------ Data section ------

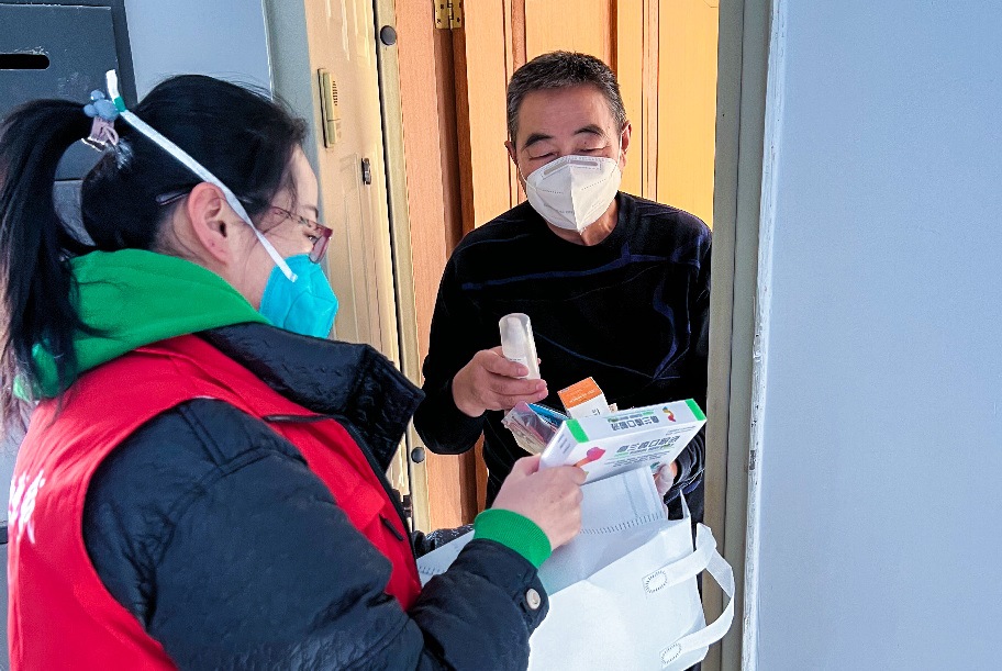 12月26日,呼和浩特市玉泉區(qū)清泉街社區(qū)黨員志愿者上門為困難家庭老人發(fā)放“健康防疫包”。新華網(wǎng)發(fā)(丁根厚攝)
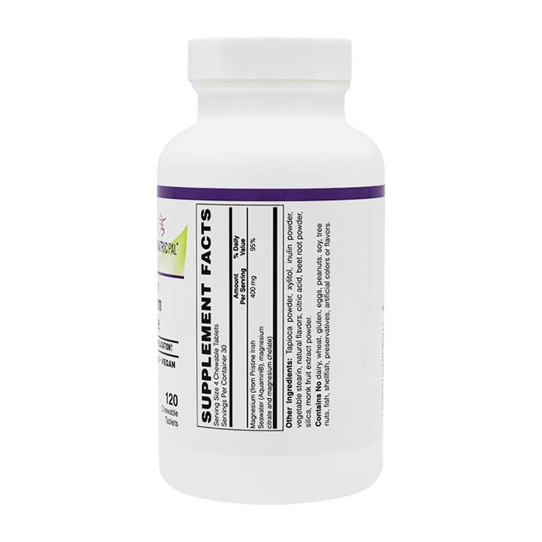 - Triple Magnesium Source: Each chewable tablet delivers 100mg of magnesium derived from three potent sources - Aquamin®, magnesium citrate, and magnesium chelate, ensuring comprehensive magnesium support for your body's vital functions.
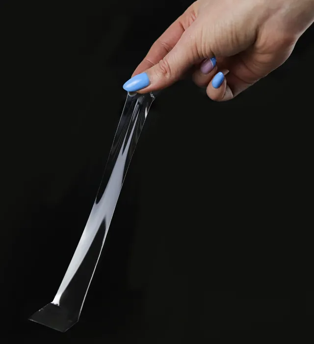Krystalicznie przejrzysta taśma do estetycznego mocowania przezroczystych elementów. Stworzona w całości z kleju z warstwą zabezpieczającą, a nie jak tradycyjne taśmy dwustronne: z nośnika pokrytego warstwą kleju; dzięki temu rozciąganie taśmy nie zmniejsza jej właściwości przyczepnych.
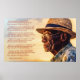 Watercolor painting of a dignified older black man set against a golden sunset overlaid with a famous poem by Dylan Marlais Thomas.

------

= What you are asked to do =
Reproduce the lines above exactly, image-free.

= Written solution =
 12月26日,呼和浩特市玉泉區(qū)清泉街社區(qū)黨員志愿者上門為困難家庭老人發(fā)放“健康防疫包”。新華網(wǎng)發(fā)(丁根厚攝)
 - Triple Magnesium Source: Each chewable tablet delivers 100mg of magnesium derived from three potent sources - Aquamin®, magnesium citrate, and magnesium chelate, ensuring comprehensive magnesium support for your body's vital functions.
Krystalicznie przejrzysta taśma do estetycznego mocowania przezroczystych elementów. Stworzona w całości z kleju z warstwą zabezpieczającą, a nie jak tradycyjne taśmy dwustronne: z nośnika pokrytego warstwą kleju; dzięki temu rozciąganie taśmy nie zmniejsza jej właściwości przyczepnych.
 Watercolor painting of a dignified older black man set against a golden sunset overlaid with a famous poem by Dylan Marlais Thomas.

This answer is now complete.